Walter FitzWalter, 3rd Baron FitzWalter (31 May 1345 – 26 September 1386) was an English soldier and nobleman.

Biography
Walter was the son of John FitzWalter, 2nd Baron FitzWalter and Eleanor Percy, the second daughter of Henry Percy, 2nd Baron Percy. His father died in 1361, when Walter was identified as being 16 years old. In October 1366 he came of age and received his inheritance.

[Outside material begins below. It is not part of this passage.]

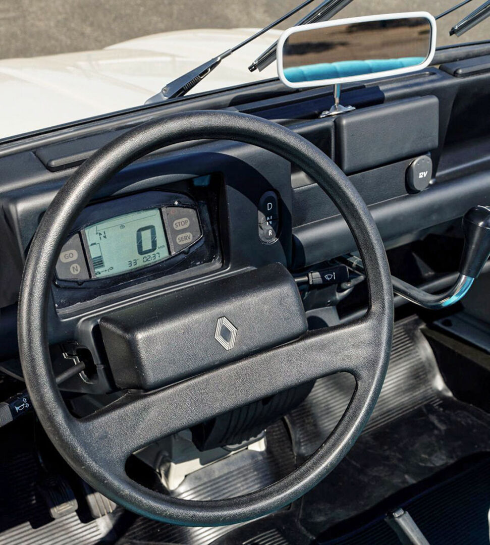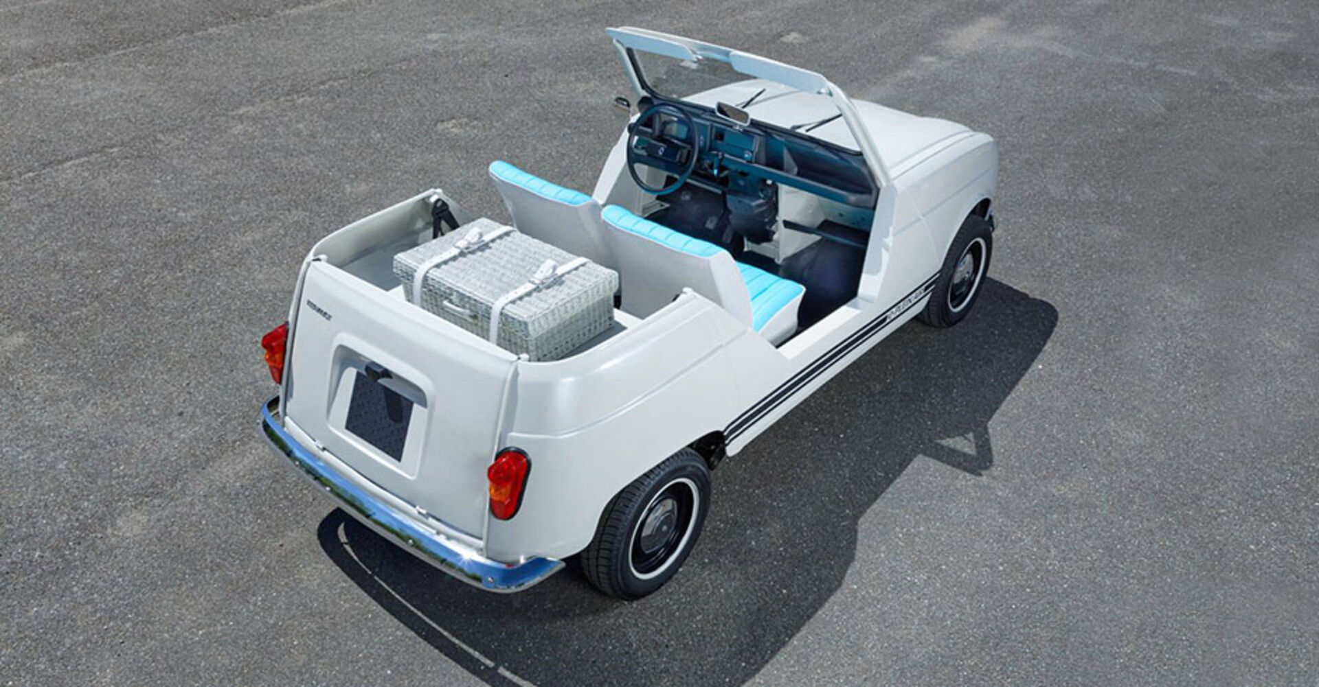 Statt des 845-Kubikzentimeter-Benziners des Originals übernimmt der Elektromotor des Renault Twizy den Antrieb. Die Rückbank des Originalmodells fiel der Batterie zum Opfer. Dafür gibt es dort einen stylischen Picknick-Korb. Leider ein Einzelstück.

Fitzwalter accompanied Sir Robert Knolles in leading a force of English troops in northwest France, where he was soon forced to seek refuge within the walls of Vaas Abbey. However, Fitzwalter was attacked by Louis de Sancerre and a large French army. He was taken prisoner. The ransom forced Walter to mortgage his castle and Lordship of Egremont to Alice Perrers, the king's mistress.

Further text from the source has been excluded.